I asked D. - I don't know why, can't remember the context, or what made me feel it was even okay to bring up such a thing, just that it was - does it test your faith, to lose a child? To which she replied, "I have no faith."

"I have no faith."

And me, crushed under the despair of it all, nodding. Telling her how, though I do believe, I'm feeling like faith doesn't matter.

And then she says... but. She tells me how she knows, unequivocally, that her daughter exists after death, that she has been around, listened to D., and acted on this world. She tells me of friends, too, who have had these experiences with loved ones that passed. I tell of my brother, like the time his song came on the radio as I drove weeping past his grave. She tells me of a woman scientist she admires, who once said God is not an entity as we understand it, religiously, but rather a force in nature, and I tell her I believe this, too. We talk about art, and shared experiences - how these things are meaningful, and are spiritual. That they are part of what makes life worth living.

And I was reminded, as we hugged, and wiped tears from our eyes (because it had become an emotional thing, a powerful thing - something I can't quite explain but, if you've had a moment like this, you know) smiling and patting each other's shoulders like foolish women, that this force that I understand as god has always given me moments like this, sooner or later. Not always when I need them, not every time, but eventually.

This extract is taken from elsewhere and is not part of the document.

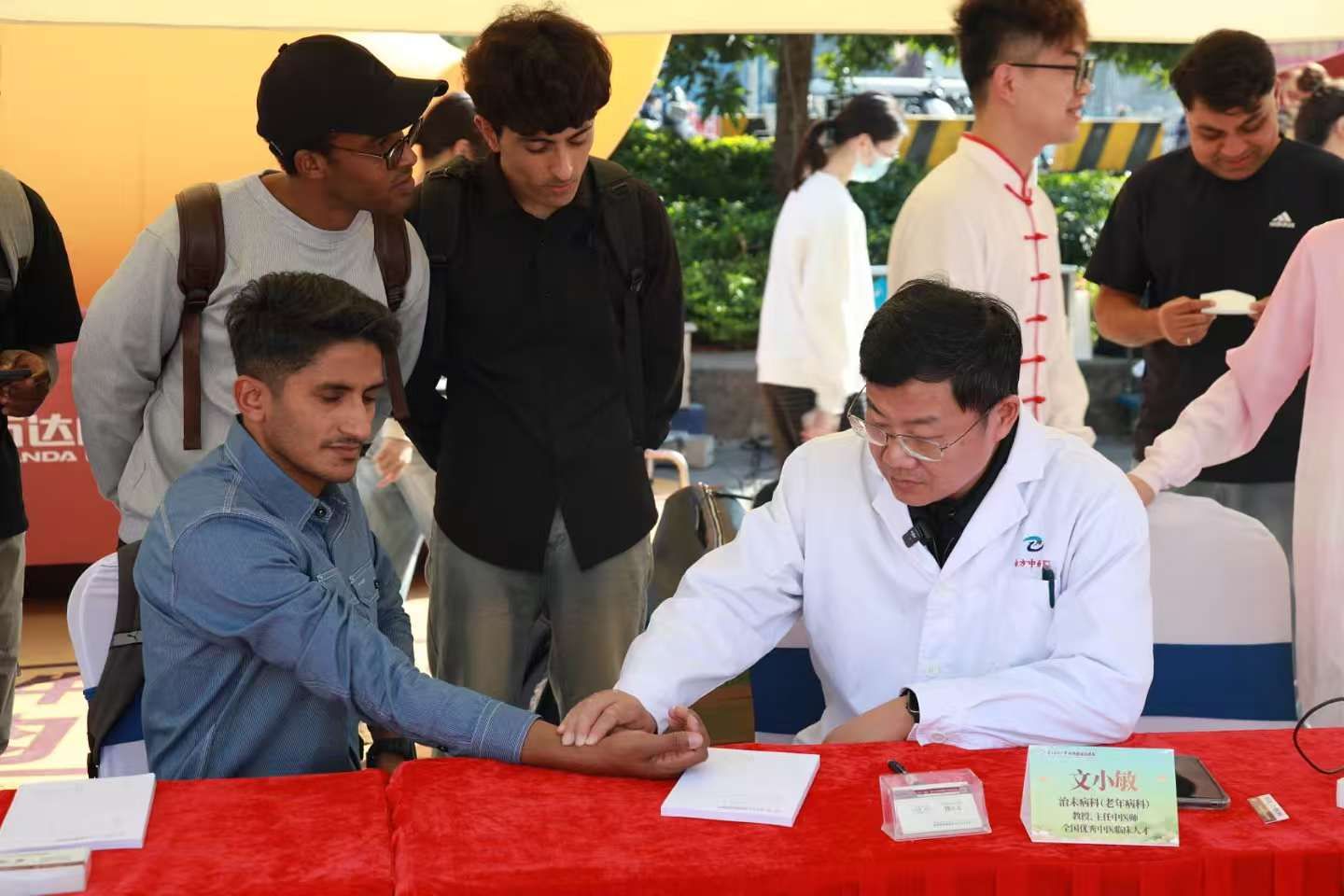 来自印度的解剖学博士研究生马诺杰,特意端起一杯现场熬制的中医凉茶细细品尝:“刚入口没什么浓烈味道,咽下去后,嘴里会泛起淡淡的薄荷味,特别清爽。”更让他惊叹的是中医的诊疗智慧:“我什么都没说,医生只是把了把脉,就准确说出我胃不太好,中医实在太神奇了!”留学生志愿者们亲眼看到现场市民对中医的信赖、亲身感受中医服务的实效后,才真正读懂了“中医治未病”的深层内涵,也对这门古老的东方医学产生了愈发浓厚的兴趣。

2012 was a hard year. It brought me down further than I've been in a long, long time. But in that moment, an unexpected connection with a hard-to-deal-with colleague, I started to find my soul again.

Oh, and she gave me the necklace. Well, not the exact necklace, because she'd sold it, but one quite like it. I tried to protest, but she said "It's Christmas, and I want you to have it," and with that accent who could refuse.




Side-note: I remembered, later, that this happened on the Solstice. A time of magic. Serendipity. Faith.

The sabbats always seem to work that way, for me.